In un paese civile simili dichiarazioni costringerebbero un premier a rassegnare le dimissioni nel giro di 24 ore. In Italia, lo sappiamo già, questo non succederà.

Si possono dare due letture alle parole pronunciate da Berlusconi.
Nel primo caso si potrebbe credere che dietro una tale dichiarazione ci sia la convinzione che sia corretto l’assioma per cui gli extracomunitari vengono nel nostro Paese con l’intenzione di delinquere.
Assioma razzista, che potrebbe basarsi solo sulle campagne populistiche, statisticamente infondate, contro i romeni e gli sloveni che vengono a “scoparti la moglie e la figlia”. Romeni e sloveni che, tra l’altro, nemmeno sono extracomunitari.

Nel secondo caso si dovrebbe pensare che Berlusconi riconosce che gli extracomunitari che giungono nel nostro Paese finiscono in larga parte sotto il giogo della criminalità organizzata, a causa dell’incompetenza delle istituzioni, governo in primis, che non sono capaci di affrontare le problematiche legate all’immigrazione.
A noi scegliere se è meglio un premier razzista o un premier incompetente.

Non poteva mancare, a conclusione del discorso anti-immigrati, un elogio alla Libia dell’amico Gheddafi, che compie un “lavoro di vigilanza contro i clandestini”.
La stessa Libia, per intendersi, che trattiene gli immigrati respinti in strutture disumane per poi mandarli a morire di sete nel deserto.

Le celebrazioni della Giornata della Memoria sono terminate da nemmeno 24 ore; questo è l’augurio per il futuro del Governo Berlusconi.

Eppure è sotto gli occhi di tutti che per affrontare l’immigrazione non esistono ricette preconfezionate e che l’unica strada possibile, nel Mezzogiorno scoperto dai media dopo il “caso Rosarno”, è quella della legalità e dei diritti.
Diritti sul lavoro, perché i proprietari terrieri che sfruttano i lavoratori sono i primi responsabili delle situazioni di degrado.
Diritto al lavoro.
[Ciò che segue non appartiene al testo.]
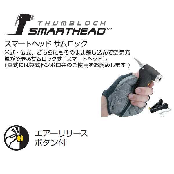 米式・仏式、どちらにもそのまま差し込んで空気充填ができるサムロック式「スマートヘッド」。

Perché se gli italiani, abbiano essi la pelle bianca o nera, sono disoccupati non è per colpa degli immigrati, ma per colpa di chi ha perso per la strada l’importanza, sancita dalla nostra Costituzione, del ruolo sociale che un’impresa deve anteporre al profitto fine a se stesso.
Diritto alla vita. Perché al Sud regna l’abusivismo governato dai clan e i progetti delle “grandi opere” come il Ponte sullo Stretto, ma a nessuno è venuto in mente di costruire quelle case popolari di cui avrebbero bisogno tutti coloro, italiani e stranieri, che non hanno un posto dove vivere.
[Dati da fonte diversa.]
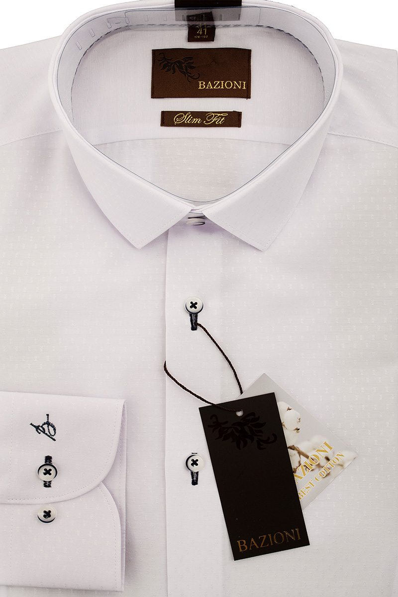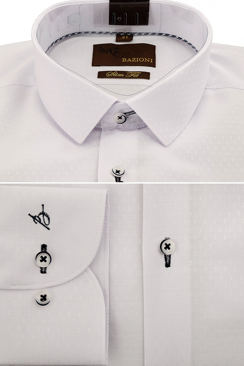 Ultra slim fit с отрезными бочками, воротник-узкий, манжет с закругленным углом на две пуговицы. застежка - без отделки. Отделка - кант в горловину стойки.

La filosofia del governo, d’altronde, si riassume nella risposta di Berlusconi a chi gli chiedeva di commentare il rischio che i beni confiscati, se messi all’asta, vengano riacquistati dalla mafia.
“I mafiosi si ricompreranno i beni sequestrati? E noi li risequestreremo”.

Se non fosse tutto vero, farebbe quasi ridere.